Rebecca smiled and stroked Eerie’s cheek gently with the back of her hand.
“I fixed it so she won’t wake up until we are finished. She’s fast asleep, dreaming about something that makes her happy,” she said, her eyes sparkling. “This is, actually, one of the things I wanted to talk to you about.”
“Making Eerie happy is one of the things you wanted to talk about?”
Alex fought off the urge to pinch himself, just to be sure this wasn’t an extremely odd dream.
“Sort of. You see, I’ve known Eerie since she could walk without falling over, and I’ve never seen her latch on to someone the way she has with you. I think this is probably a new experience for her, and I’m not sure what to make of it — she’s not human, after all, not really.” Rebecca frowned, pulling her feet up onto the seat, clutching her knees to her chest. “I don’t know what it means, that Eerie is acting this way. I mean, she’s not totally abnormal, I know she’s gone out with boys before. But she didn’t seem to particularly care about them, one way or the other. You didn’t,” she asked, her voice tolerant and frank, “you know, do anything with her, while you were in San Francisco, did you?”
“N-no,” Alex stammered. “Nothing like that. I’m not even sure that she likes me, you know. She doesn’t always act like it.”

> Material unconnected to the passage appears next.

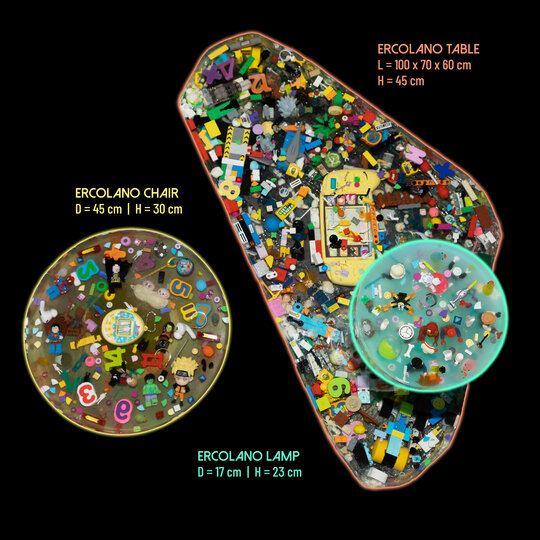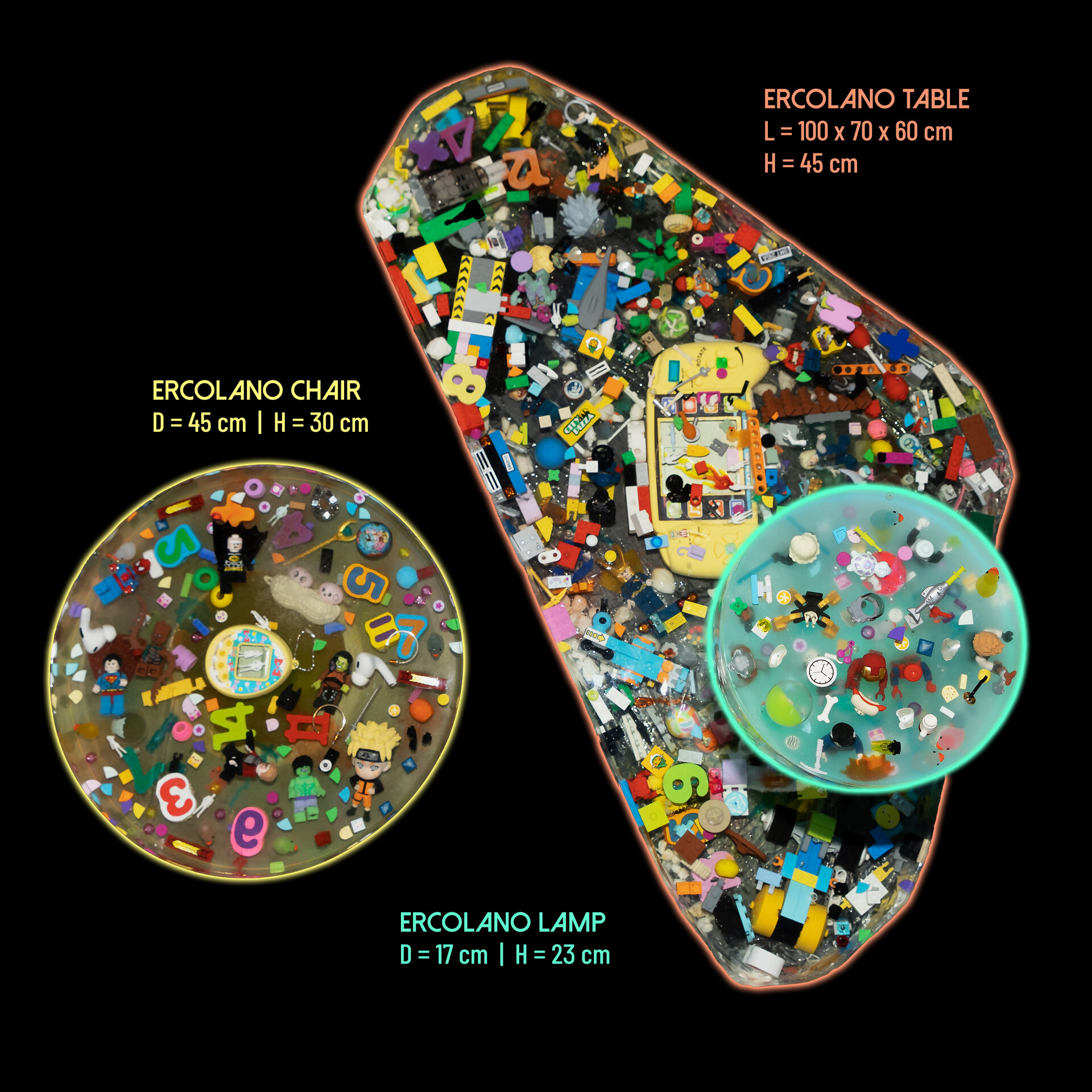 Parte din colecția “Ode to plastic”: Ercolano Table, Ercolano Lamp, Ercolano Chair.

Rebecca nodded sympathetically.
“I bet. I’m not sure that she even knows what she likes, some of the time. But, that’s beside the point,” Rebecca said, leaning closer. “My point is this — Eerie has put a lot of effort into being the first thing you see when you wake up, right? And her reaction to this, when it happens, is likely to be, well, intense.”
“…and?”
“And I’m wondering if you want that.”
“Huh?” Alex said, puzzled.
“Alex, I can put you back to sleep for a few more hours,” Rebecca said glumly. “So that you’ll wake up when only the nurses are here. Or, if you prefer, a bit later, when Emily is around.”
“Wait, what? What does it matter?”
Rebecca shrugged.
“If you don’t care, then I don’t care,” she said. “Just wanted to give you fair warning. Girls take this sort of thing seriously.”

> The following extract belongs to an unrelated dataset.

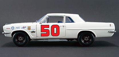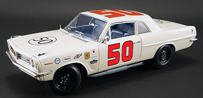 The 250 mile Challenge cup race was a way for NASCAR to generate money through ticket sales during Speed Week and to bring in a different crowd who wanted to see exotics being raced. Those people came for the exotics like the Ferrari GTO but instead got to see one of Pontiac’s great shining moments in racing. Right out of the gate Goldsmith let everyone know the Tempest meant business by putting the Tempest on the pole and by a signifigant margin. From the start the hammer was laid down and that 421ci motor began to scream away from the competition. Goldsmith dominated the entire race passing the mystery 427 Corvettes and lapping a Ferrari 8 times! By the end of the race he had lapped the second place finisher, AJ Foyt in a Corvette twice before the race was over! He won by an incredible 5 miles over the competition! This was one of the crowing achievements in Pontiacs history that few were privelaged enough to witness forst hand. ACME is proud to bring this moment in history back to life with it’s all new 1:18 replica of the 1963 Super Duty Tempest that shocked the world.

Alex scratched at his arm, where the tape had been torn away, leaving behind red, irritated skin.
“Consider me warned, then. I’m not going back to sleep, anyway, not for any reason,” Alex said firmly. “Besides, I thought I was supposed to be staying away from the cartel girls.”

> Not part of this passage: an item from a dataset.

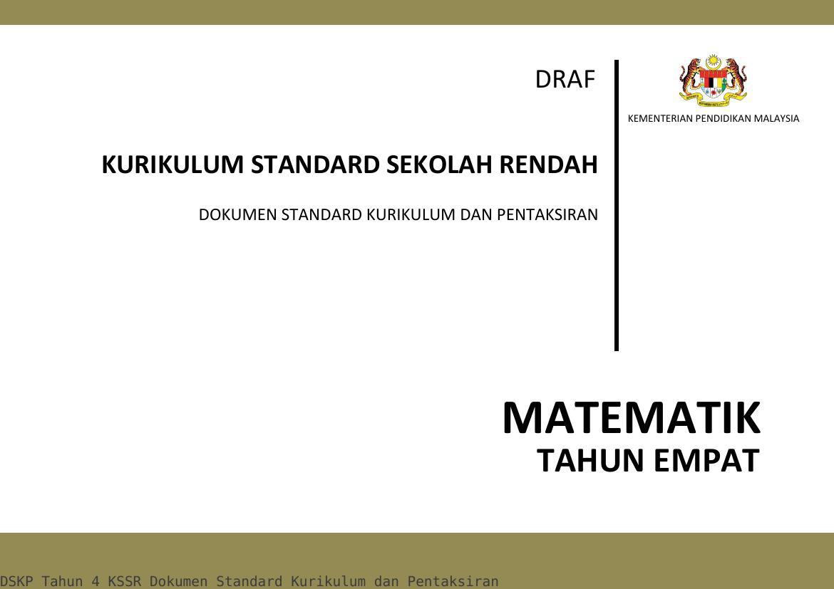 Dokumen Standard Kurikulum Dan Pentaksiran Dskp Tahun 4 Kssr Pdf Document

“Eerie presents her own set of complications. But I’m not interested in keeping you away from anyone, Alex, and I’m sorry I gave you that impression,” Rebecca said, looking upset. “I’m trying to give you options, okay? Eerie seems to be kind of fascinated by you, and that’s already kind of a dangerous thing. If she decides that she likes you, well, then we are in unexplored territory.”
Alex held his hands up in surrender.
“Okay, sorry, I didn’t mean to be a jerk,” he said apologetically. “I’m still out of it and in shock, you know? Don’t take me too seriously.”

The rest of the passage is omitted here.